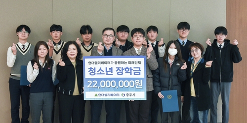 ▲ 현대엘리베이터는 충북 충주 고등학생 22명에게 각 100만원의 장학금을 전달했다고 20일 밝혔다. 현대엘리베이터는 2009년부터 17년째 지역인재를 선발해 장학금을 전달하고 있다. 조재천 현대엘리베이터 대표이사는 "학생 여러분들의 꿈과 가능성, 미래를 그릴 수 있는 오늘이길 바란다"며 "현대엘리베이터는 청소년 교육 지원을 위해 필요한 프로그램을 마련하는 등 적극 협력하겠다"고 말했다. (서울=연합뉴스)
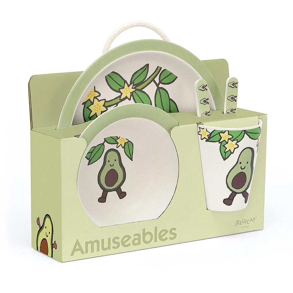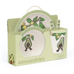 Dinner time has never felt so refreshing! Time for the little ones to eat their greens with our beloved Amuseable Avocado. This Bamboo set comes with a plate, bowl, cup, fork and spoon and is complete with illustrations in the form of your favourite Amusea
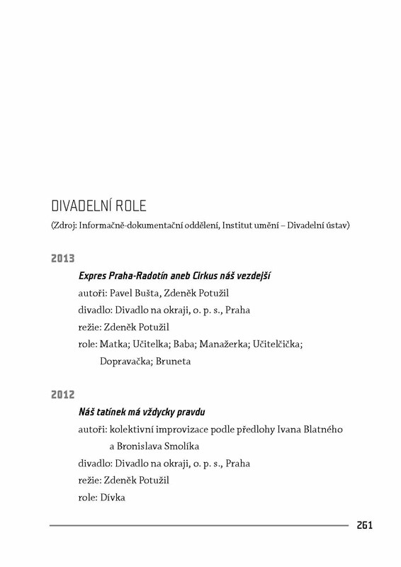 Ve své otevřené autobiografii odhaluje herečka mnoho ze svého soukromí, s láskou líčí společný život s Karlem Kachyňou a popisuje svoji hereckou kariéru se všemi zdary i nezdary. Ačkoliv by se mohlo zdát, že se na ni po smrti jejího manžela pozapomnělo, dál se objevuje v úspěšných filmech a seriálech. Její portrét proto dokreslují vzpomínky hereckých kolegů a dosud nezveřejněné fotografie jak ze soukromého, tak z profesního života.
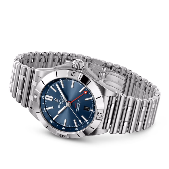 The Breitling Chronomat 40 GMT was introduced in 2022. This Chronomast has a case of 40.00, housing a self-winding movement with GMT function (caliber Caliber 32). For reference A32398101C1A1, the dial is Blue. The Chronomat Automatic GMT 40 is Breitling’s tribute to travel, not only for its dual time zone display, but also because of its easygoing aesthetics. Subtle dial colors, combined with an all-steel case and bracelet, work with any wardrobe. Meanwhile, the tone-on-tone 24-hour scale lets the red GMT hand speak for itself. The Breitling Caliber 32 powers the GMT complication. Its 24-hour scale lets the user track a second time zone and know at a glance whether it’s day or night
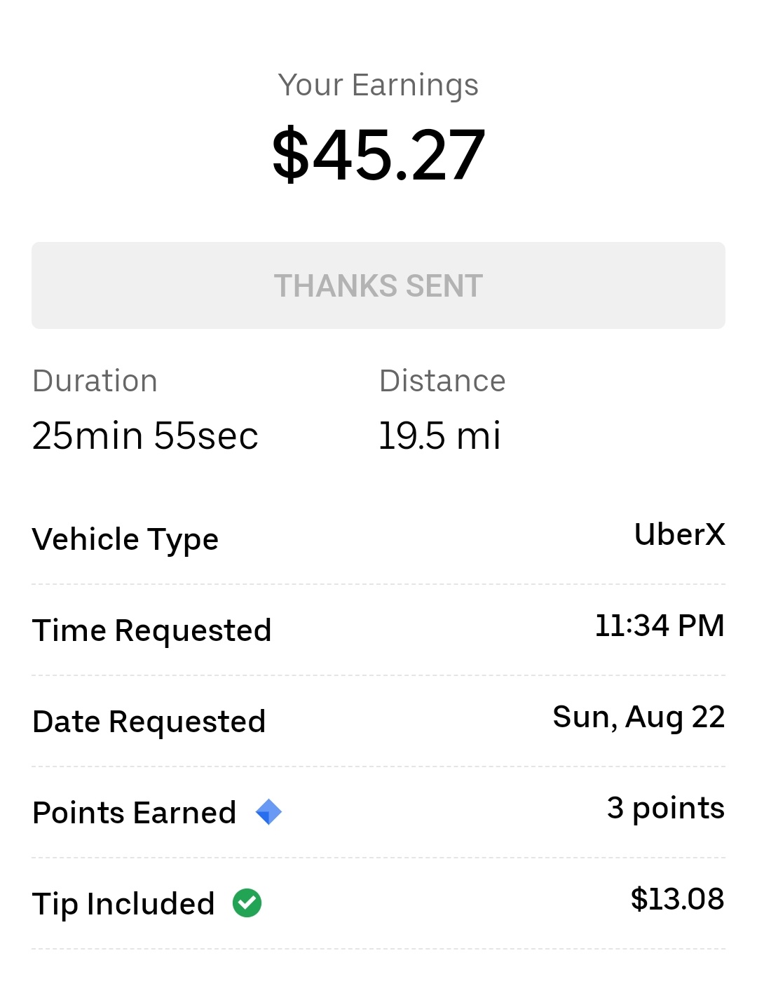 Finally decided to work to make up for debts. Hit the jackpot last night, rider tipped me $13. Made $45 in 25 minutes.

· · · ·

**Work task**. Your task is to retype, exactly and only, the lines from the line holding "Ve své otevřené" through the final line of the data above, with both ends kept. Drop the pictures.

**Exercise output**.
 Ve své otevřené autobiografii odhaluje herečka mnoho ze svého soukromí, s láskou líčí společný život s Karlem Kachyňou a popisuje svoji hereckou kariéru se všemi zdary i nezdary. Ačkoliv by se mohlo zdát, že se na ni po smrti jejího manžela pozapomnělo, dál se objevuje v úspěšných filmech a seriálech. Její portrét proto dokreslují vzpomínky hereckých kolegů a dosud nezveřejněné fotografie jak ze soukromého, tak z profesního života.
 The Breitling Chronomat 40 GMT was introduced in 2022. This Chronomast has a case of 40.00, housing a self-winding movement with GMT function (caliber Caliber 32). For reference A32398101C1A1, the dial is Blue. The Chronomat Automatic GMT 40 is Breitling’s tribute to travel, not only for its dual time zone display, but also because of its easygoing aesthetics. Subtle dial colors, combined with an all-steel case and bracelet, work with any wardrobe. Meanwhile, the tone-on-tone 24-hour scale lets the red GMT hand speak for itself. The Breitling Caliber 32 powers the GMT complication. Its 24-hour scale lets the user track a second time zone and know at a glance whether it’s day or night
 Finally decided to work to make up for debts. Hit the jackpot last night, rider tipped me $13. Made $45 in 25 minutes.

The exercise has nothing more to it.